Im in the process of digging a trench to connect up my shed to the outside world  :Wink 1: 
I have dug the first 15 or so meteres (painstakingly) due to the very limited access bounded by a fence and a retaining wall. Now ive got to the stage that a small treancher could access. The difficult choice now is a kanga or a dingo? Both are relatively easy to come by form two closeby hire shops, and they are both simarly priced. Which one is more suited with the trencher attached?
The general condition of the ground, gently sloped, soft clay (well it is now its wet) with the occasional rock.
any information would be helpful.

----------


## Vernonv

Welcome Harmful81,
I've used a Dingo trencher on heavy clay and rocky soil (not the Perth version though :Confused: ) and it worked very well. Easily did close to 100m of deep trenching over the course of a day. The only issue I have found was doing deep trenching in a confined area can be a bit of a pain - long open runs are dead easy. 
I've never used a Kanga, so can't compare.

----------


## dazzler

It comes down to the flow of the auxillary hydraulic motor on each machine.  So its impossible to say which is better without knowing the models. 
Having said that, I know that some of the kanga's flow more than my skid steer so as long as the trencher has been selected to suit then it will be fine. 
If you can get a tracked machine (boxer is one brand) then it wont damage your grass if that is of concern. 
good luck.

----------


## harmful81

Thanks for the informations guys, 
Ive booked a kanga with the trenching attachment for this weekend.
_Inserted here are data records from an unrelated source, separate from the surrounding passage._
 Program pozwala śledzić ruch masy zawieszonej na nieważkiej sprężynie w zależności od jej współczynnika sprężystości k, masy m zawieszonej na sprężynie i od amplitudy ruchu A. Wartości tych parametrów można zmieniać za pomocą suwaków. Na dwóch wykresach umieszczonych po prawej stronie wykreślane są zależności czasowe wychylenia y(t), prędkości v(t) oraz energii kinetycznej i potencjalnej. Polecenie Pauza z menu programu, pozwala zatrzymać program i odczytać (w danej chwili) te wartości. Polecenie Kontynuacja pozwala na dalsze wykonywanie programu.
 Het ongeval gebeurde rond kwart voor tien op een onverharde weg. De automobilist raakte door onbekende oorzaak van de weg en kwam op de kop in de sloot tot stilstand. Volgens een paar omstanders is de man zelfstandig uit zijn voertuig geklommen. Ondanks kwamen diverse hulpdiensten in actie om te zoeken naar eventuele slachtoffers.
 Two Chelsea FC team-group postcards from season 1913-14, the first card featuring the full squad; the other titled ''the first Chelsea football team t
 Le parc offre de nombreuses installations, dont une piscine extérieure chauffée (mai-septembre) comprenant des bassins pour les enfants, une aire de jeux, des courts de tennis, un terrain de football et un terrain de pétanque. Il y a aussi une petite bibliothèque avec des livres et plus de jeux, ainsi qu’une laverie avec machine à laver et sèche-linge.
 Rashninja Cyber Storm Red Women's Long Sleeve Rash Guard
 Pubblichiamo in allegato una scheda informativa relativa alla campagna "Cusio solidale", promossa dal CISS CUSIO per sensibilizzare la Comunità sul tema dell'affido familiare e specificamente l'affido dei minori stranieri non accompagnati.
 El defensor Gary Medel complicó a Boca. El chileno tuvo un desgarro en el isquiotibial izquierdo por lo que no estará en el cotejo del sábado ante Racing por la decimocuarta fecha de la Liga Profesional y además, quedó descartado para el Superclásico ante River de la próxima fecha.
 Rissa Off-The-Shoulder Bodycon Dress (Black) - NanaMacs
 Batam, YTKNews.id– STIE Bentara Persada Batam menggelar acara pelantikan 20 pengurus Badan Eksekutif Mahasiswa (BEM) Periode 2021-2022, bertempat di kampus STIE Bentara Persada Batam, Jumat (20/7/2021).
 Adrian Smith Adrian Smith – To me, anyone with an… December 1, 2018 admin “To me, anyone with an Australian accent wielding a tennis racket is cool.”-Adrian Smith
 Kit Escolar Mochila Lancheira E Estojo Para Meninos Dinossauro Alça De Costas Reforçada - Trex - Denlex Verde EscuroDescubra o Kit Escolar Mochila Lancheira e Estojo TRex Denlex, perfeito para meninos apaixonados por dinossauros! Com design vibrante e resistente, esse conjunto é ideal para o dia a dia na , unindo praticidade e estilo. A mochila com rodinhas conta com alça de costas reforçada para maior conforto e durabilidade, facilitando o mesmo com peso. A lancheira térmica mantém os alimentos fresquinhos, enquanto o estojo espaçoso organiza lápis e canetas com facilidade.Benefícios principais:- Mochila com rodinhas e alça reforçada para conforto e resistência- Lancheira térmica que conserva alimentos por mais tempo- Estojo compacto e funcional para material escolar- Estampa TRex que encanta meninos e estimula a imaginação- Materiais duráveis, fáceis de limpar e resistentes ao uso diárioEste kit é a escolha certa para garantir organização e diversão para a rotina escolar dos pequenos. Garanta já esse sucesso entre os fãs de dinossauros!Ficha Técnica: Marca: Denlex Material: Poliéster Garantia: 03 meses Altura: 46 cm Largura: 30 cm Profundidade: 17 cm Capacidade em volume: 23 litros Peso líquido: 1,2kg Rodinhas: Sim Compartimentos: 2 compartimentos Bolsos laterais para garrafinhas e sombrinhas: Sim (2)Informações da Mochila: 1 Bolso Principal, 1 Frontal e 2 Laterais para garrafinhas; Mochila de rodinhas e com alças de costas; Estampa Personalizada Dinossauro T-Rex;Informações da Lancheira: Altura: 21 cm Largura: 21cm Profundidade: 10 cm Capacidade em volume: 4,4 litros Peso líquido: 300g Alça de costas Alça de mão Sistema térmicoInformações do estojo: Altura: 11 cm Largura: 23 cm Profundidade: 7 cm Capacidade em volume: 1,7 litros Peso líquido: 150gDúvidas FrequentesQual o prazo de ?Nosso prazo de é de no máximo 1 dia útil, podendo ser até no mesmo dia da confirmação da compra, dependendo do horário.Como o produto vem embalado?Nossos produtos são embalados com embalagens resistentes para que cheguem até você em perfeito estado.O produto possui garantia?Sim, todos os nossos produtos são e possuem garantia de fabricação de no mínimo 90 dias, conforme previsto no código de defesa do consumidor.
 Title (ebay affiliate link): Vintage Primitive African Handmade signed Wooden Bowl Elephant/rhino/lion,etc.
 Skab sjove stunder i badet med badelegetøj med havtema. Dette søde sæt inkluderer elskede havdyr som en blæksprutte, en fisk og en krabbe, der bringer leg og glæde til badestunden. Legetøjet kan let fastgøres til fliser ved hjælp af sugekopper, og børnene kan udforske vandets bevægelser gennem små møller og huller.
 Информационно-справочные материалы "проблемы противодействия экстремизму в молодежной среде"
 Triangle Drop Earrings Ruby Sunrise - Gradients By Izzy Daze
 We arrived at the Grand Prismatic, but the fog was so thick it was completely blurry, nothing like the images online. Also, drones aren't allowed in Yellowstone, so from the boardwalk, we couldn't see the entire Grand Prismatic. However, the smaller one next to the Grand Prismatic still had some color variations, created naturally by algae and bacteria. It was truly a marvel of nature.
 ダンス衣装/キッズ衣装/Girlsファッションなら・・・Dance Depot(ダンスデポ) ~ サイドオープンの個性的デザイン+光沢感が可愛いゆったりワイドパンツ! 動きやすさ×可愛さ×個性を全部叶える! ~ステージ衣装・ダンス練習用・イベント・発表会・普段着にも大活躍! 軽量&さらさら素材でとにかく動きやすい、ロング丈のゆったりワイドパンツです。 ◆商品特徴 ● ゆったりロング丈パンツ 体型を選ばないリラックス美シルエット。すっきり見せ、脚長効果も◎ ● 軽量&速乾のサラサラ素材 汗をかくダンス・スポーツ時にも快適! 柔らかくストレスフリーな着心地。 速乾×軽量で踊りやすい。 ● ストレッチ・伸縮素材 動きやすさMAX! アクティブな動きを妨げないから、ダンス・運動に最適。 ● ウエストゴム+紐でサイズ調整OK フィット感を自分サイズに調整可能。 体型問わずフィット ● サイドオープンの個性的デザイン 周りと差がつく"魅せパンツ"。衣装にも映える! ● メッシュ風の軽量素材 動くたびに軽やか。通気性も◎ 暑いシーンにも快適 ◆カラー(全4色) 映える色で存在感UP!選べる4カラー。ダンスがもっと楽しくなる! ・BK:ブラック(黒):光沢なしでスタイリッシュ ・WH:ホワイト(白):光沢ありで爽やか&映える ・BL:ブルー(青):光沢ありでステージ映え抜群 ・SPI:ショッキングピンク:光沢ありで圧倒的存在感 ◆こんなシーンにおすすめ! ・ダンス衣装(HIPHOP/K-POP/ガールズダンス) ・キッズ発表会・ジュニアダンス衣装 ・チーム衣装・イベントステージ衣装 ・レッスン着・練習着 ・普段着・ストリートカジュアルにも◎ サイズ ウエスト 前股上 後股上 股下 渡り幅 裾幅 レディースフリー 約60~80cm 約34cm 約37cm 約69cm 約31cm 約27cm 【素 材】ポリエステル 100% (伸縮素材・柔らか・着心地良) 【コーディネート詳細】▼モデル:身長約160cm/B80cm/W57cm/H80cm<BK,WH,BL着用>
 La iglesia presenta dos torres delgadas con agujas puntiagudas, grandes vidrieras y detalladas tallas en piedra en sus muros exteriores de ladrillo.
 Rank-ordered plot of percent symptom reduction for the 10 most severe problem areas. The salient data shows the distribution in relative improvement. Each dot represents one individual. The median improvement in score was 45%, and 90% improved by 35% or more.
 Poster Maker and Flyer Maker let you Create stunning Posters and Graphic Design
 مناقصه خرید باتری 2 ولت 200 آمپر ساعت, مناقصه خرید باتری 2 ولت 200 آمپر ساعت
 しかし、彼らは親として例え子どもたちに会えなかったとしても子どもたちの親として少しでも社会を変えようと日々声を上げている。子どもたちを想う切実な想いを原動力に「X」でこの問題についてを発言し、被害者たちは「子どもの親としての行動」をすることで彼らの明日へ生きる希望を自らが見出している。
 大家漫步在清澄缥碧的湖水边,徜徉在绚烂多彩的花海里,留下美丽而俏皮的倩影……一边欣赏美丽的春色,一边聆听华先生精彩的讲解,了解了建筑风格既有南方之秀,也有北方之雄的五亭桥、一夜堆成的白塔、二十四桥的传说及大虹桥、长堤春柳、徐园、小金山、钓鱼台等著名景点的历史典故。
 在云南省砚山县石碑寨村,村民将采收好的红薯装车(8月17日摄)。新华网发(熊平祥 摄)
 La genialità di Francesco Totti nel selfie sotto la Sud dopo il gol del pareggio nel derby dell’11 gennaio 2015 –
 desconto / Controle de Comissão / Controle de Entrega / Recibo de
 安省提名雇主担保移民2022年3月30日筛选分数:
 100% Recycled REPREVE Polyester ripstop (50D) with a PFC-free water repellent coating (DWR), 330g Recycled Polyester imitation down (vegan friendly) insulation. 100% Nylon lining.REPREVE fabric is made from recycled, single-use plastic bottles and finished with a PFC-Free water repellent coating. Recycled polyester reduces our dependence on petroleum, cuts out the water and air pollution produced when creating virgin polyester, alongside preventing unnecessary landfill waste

Ive based the choice on the kanga having th tracks, which may prove to be handy on the clay soil. We will see how it goes.

----------


## dazzler

> Thanks for the informations guys, 
> Ive booked a kanga with the trenching attachment for this weekend. Ive based the choice on the kanga having th tracks, which may prove to be handy on the clay soil. We will see how it goes.

  And pics  :2thumbsup:

----------


## harmful81

Im pleased to say that the hiring of the trencher proved to be quite successful. It had no problems digging through the clay, even the occasional rock was dug up and spat out of the side. I thought the location of the trench would be a hinderance, as well as the notoriously difficult material to chew through, but was pleasently surprised to be finished after three hours. There is still some work to do at the extremes of the trench, and where it joins the existing trench as mentioned earlier in this post, but nothing in comparison to digging the whole lot!!

----------


## dazzler

Onya for getting back to us with the results  :2thumbsup:

----------


## AKA BB

Glad to hear all went smooth
I own 3 three dingos and 1 Kanga and a 1 Toro.
Of all machines the Toro is better of machines as they have 4 pumps not splitting the flow.
Actually Toro own the rights to Dingo and their top range diesel model  vs Dingo is cheaper.

----------


## harmful81

AKA BB, now that you mention it, there was one slightly frustrating thing with the Kanga, and that is the inability to move while operating the trencher. I can see the purpose of this, to get all the oil to the trencher. However you work out a rythem to stop the attachement, crawl backwards and start it up again.

----------


## AKA BB

Different models have different options I own all diesel models the largest possible apart from the Kanga 2nd largest model.
I have a number of attachments including trenchers and found that Toro with it's 4 x pumps has plenty of flow and does not split the flow between driving and operating attachments.
Dingo claims to pump hmmm 47lt min but to do this the machine has to stopped dead with all flow running directly to one area,example concrete mixing bucket.
Problem is when you go to move it's cuts the flow in less then 1/2 to the attachement and stalls
I constructed some concrete mixing buckets to use on such machines to find that I was being bullshitted. You would expect a flow rate of 47 to be split close to equal but turns out in travel there is lucky to be 10lts flowing to the attachement. 
After a good 8 years or so with Dingo and a little with Kanga I'm not selling all machines to purchase Toros big Diesel model.

----------